In the end, I did not end up purchasing any red heels. It was difficult finding a pair that fit the criteria and were comfortable. After all, I was never one to follow that beauty and pain mantra. From a marketing perspective, I would appreciate a couple improvements to the whole shoe shopping experience. How about sorting shoes by color? Amazingly, there is very little selection when it comes to red heels. I honestly did not think it would have been an issue finding a pair. If they were sectioned out by the basics- Red, Navy, Black- can you imagine how much simpler this process would’ve been? Or better yet- create an entire section just for extra large piggies like mine (say, sizes 10-12) so we don’t have to drool over sample shoes, go digging through the boxes in vain because, in the end, they just don’t make those super cute shoes in our size. That would be fantastic.

Wednesday, September 9, 2009

annoyed.

i have a cord chewing cat. particularly my laptop charger cord which we've replaced at least five times. We've decided that the baby's room is the best place to charge (read: hide) the laptop to avoid another $75+ cost. All was going well. Until today.

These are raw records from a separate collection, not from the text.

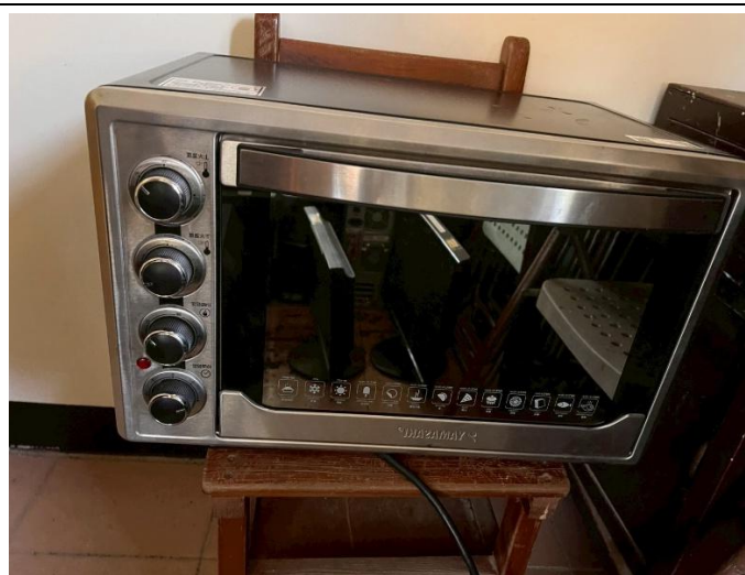
10. 烤箱 1 個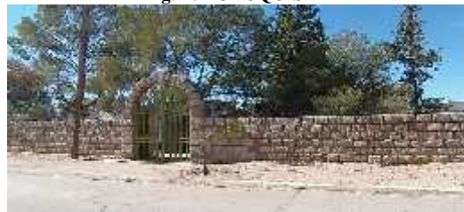
Fig. 18 - ANILLACO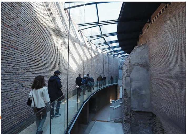
↓3月1日,游客参观意大利罗马的奥古斯都陵墓。罗马帝国开国君主奥古斯都的陵墓于3月2日对公众全面开放,这在其两千多年的历史中尚属首次。罗马市长拉吉早前曾宣布,这座陵墓将在2021年3月2日至4月21日期间对所有人免费开放。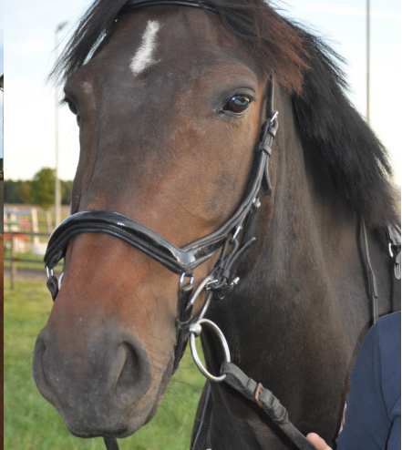
Foto: Fr. v. Kottesse, Prinsen, Plupp, Loftus, Sparky och Black Mick. Foto: Privat, Emma Tegler m.fl.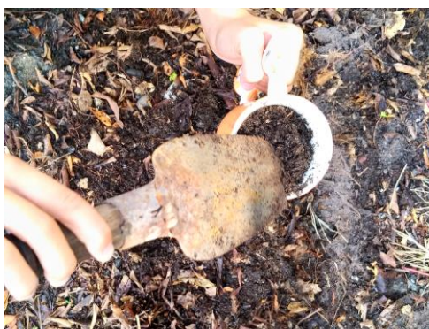
3. 用閒置的杯子裝土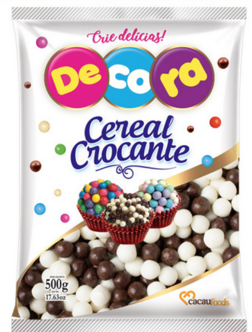
BIG CEREAL BRANCO/PRETO 500 G cód 293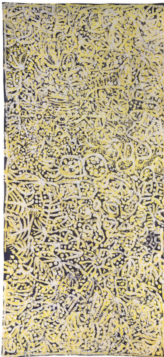
Emily Kam Kngwarray (c.1914-1996) Alhalker, 1987 Batik sur coton / Batik on cotton Collection Bérengère Primat, Courtesy Fondation Opale

Emily Kam Kngwarray a pratiqué le batik pendant onze ans avant de commencer à peindre à l'acrylique sur toile.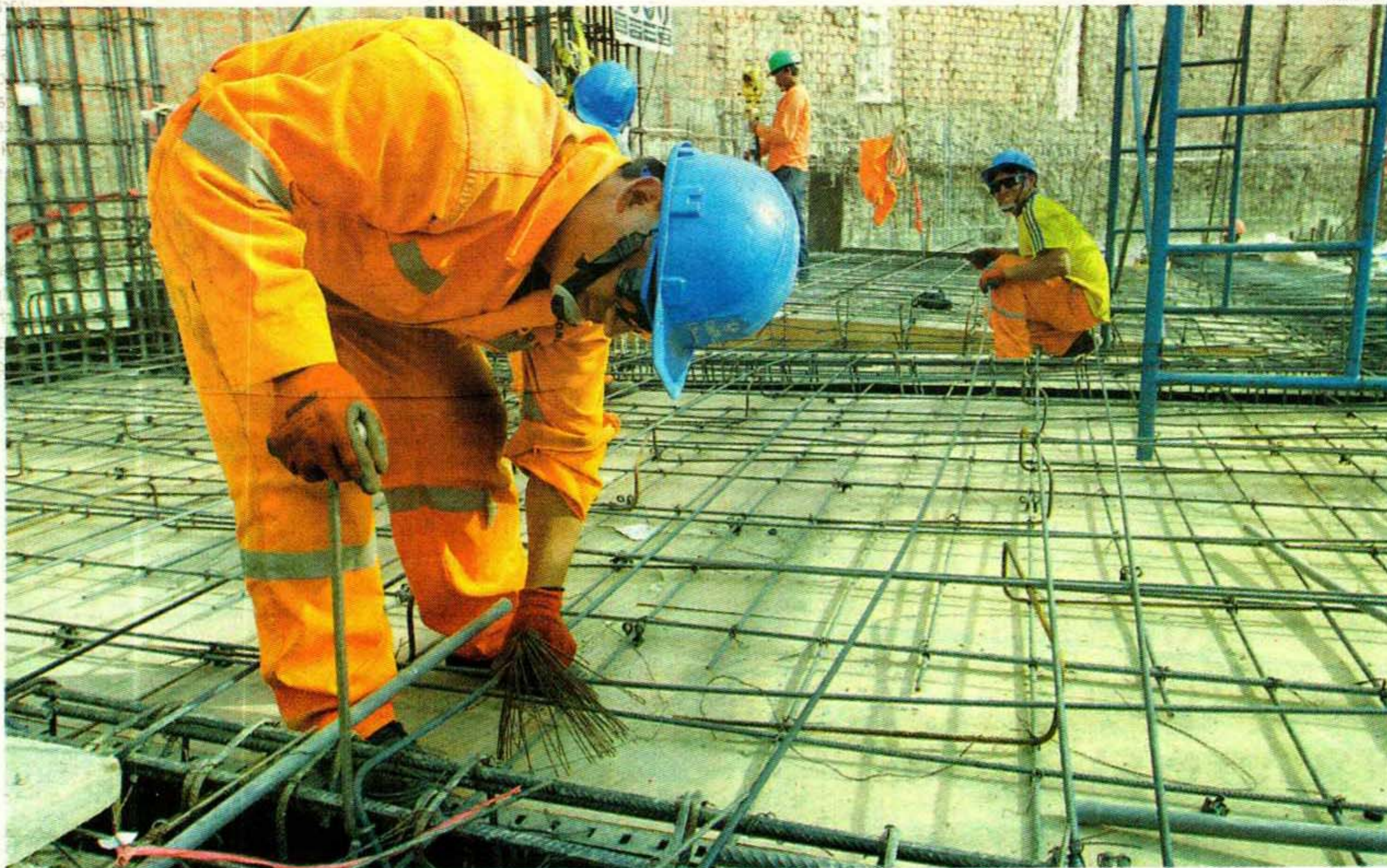
FIERRO Y CEMENTO. No hay pretexto para que más peruanos con terrenos o vivienda a medio construir no puedan edificar sus casas.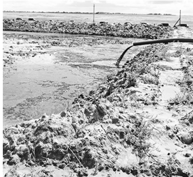
* Очистка оз.Дедюхино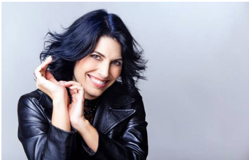
Vivica Genaux

Redacció on 29 novembre, 2017 / 0 comments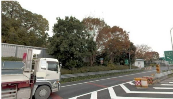
浦和IC 出口ランプ 現況

そのため、お客さまへ極力ご迷惑をおかけしないよう、交通量が少ない平日の夜間にランプの閉鎖を行い、作業を集中的かつ効率的に実施します。安全・快適に高速道路をご利用いただくために必要な作業ですので、ご理解とご協力をお願いします。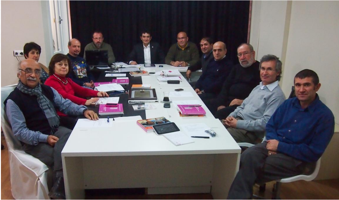
TFSF Yönetim Kurulu Toplantısından - 2013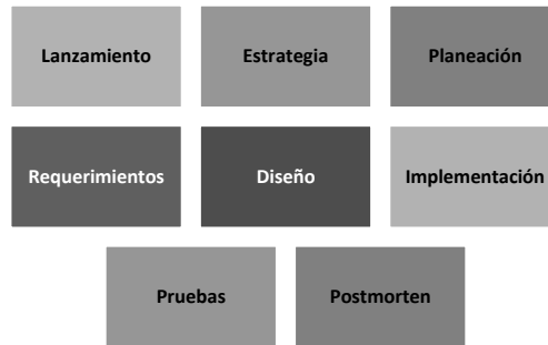
Fig. 3 Fases de TSP, descritas en [12], [elaboración propia].

Como toda metodología que busca la continua mejora de procesos, TSP posee fases en donde se describen una serie de pautas para ayudar a realizar un buen desarrollo de software por parte del equipo de trabajo. Las fases descritas por [12] son mostradas en la Fig. 3.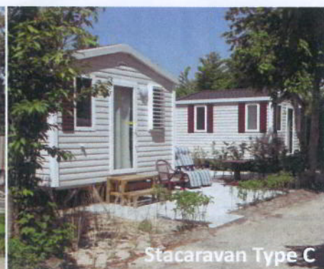
Stacaravan Type C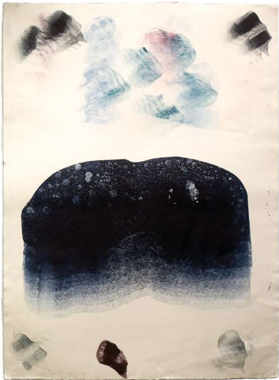
Peeter Ulas „Nimeta”. 2008. Sügavtrükk, paber 110 x 78 cm. Erakogu.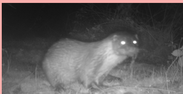
Loutre d'Europe - février 2023 - étang du Spernoc - Porspoder@Arbo

Il est des espèces toujours un peu emblématiques sur un territoire. La Loutre d'Europe est de celles-là. Contrairement à l'Aber Ildut où elle est présente, Porspoder ne semblait pas présenter toutes les caractéristiques propres à son accueil : ses ruisseaux sont étroits et peu poissonneux. C'était sans compter sur les amphibiens, et notamment les Crapauds épineux qui, en janvier-février, à la saison des amours, viennent en grand nombre pondre dans les mares. Voilà une orgie bien à propos pour les Hérons cendrés , les Putois d'Europe et autres mammifères ... C'est alors que, près d'un étang aux sources du ruisseau du Spernoc, la Loutre s'invite au festin ! Longtemps chassée puis affaiblie par les pollutions des cours d'eau , elle est aujourd'hui protégée au niveau français et européen et reconquiert doucement ses anciens territoires perdus. Le maintien en bon état des zones humides et boisées est donc indispensable à sa survie comme à celle de nombreux autres animaux. Chaque petit morceau de territoire compte et recèle bien plus de formes de vies que ce qu'un regard rapide pourrait nous suggérer. Symbole de la reconquête de la biodiversité, la Loutre intègre dorénavant le patrimoine de Porspoder !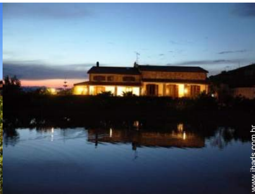
vista para lago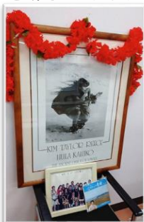
▲フラの原形である写真 ▲ハワイの国旗

今後も、ハワイ郡との繋がりを大切に守り育てながら、その時代に合った新たな取り組みも考えていきたいと思っています。研修内容に興味をお持ちの方がいましたら資料等をお渡しいたしますのでどうぞお気軽に湯梨浜町観光協会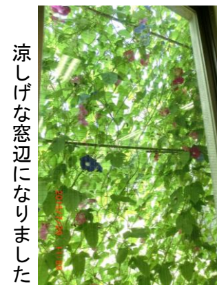
涼しげな窓辺になりました

3月号のエコタウンだよりで、昨年小学生が収穫したアサガオの種をお分けします、とお知らせしたところ、多くの方に持ち帰っていただき、緑のカーテンがあちこちで育ちました。9月に入って、続々と種が交流プラザに届いています。また来年この輪がさらに広がることを願います。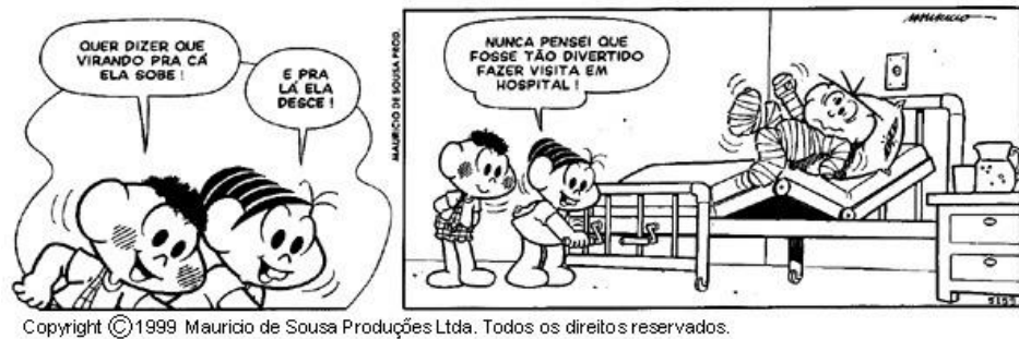
FIGURA 8 – PRODUÇÃO DE TEXTO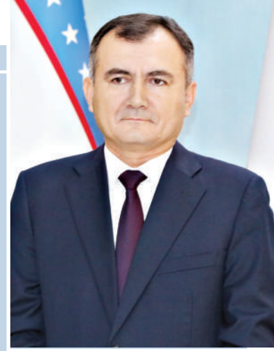
Муротжон АЗИМОВ, Қашқадарё вилояти ҳокими

Хусусан, давлатимиз раҳбари ташаббуси билан ҳар бир ҳудудда камбағалликни қисқартришга катта эътибор қаратилган. Аҳолининг кенг қатлами қамраб олинб, ишсизлик босқичма-босқич бар-тарараф этилмоқда. Ишлатилмай келинаётган томорқалардан унумли фойдаланиш умуммиллий ҳаракати бошланди. Ўзини ўзи банд қилиш, яқка ва оилавий тадбир-корлик ривожлантишти. Имтиёзли кредит ажратилиб, янги иш ўринлари очилмоқда. Бундан ташқари, деҳқончилик, чорвачилик, боғдорчилик йўналишларида ҳам кенг қўлайликлар яратилмоқда.

I brought the laptop out of the baby's room so I could to some research along with the charger cord because well, this battery sucks and only lasts a couple hours at a time. I had to leave the house and was in a hurry so I unplugged the cord and wrapped it up on the hutch.

I just came home and found the effing cord chewed. I'm going to scream. really. effing. loud.

WTF?!

There's a million cords in this goddamn house. WHY does he go after my laptop charger?!?

dear hgtv..

please come to the east coast, namely Ludlow, Massachusetts, and renovate my home and backyard. the west coast has been completely spoiled and its our (my) turn.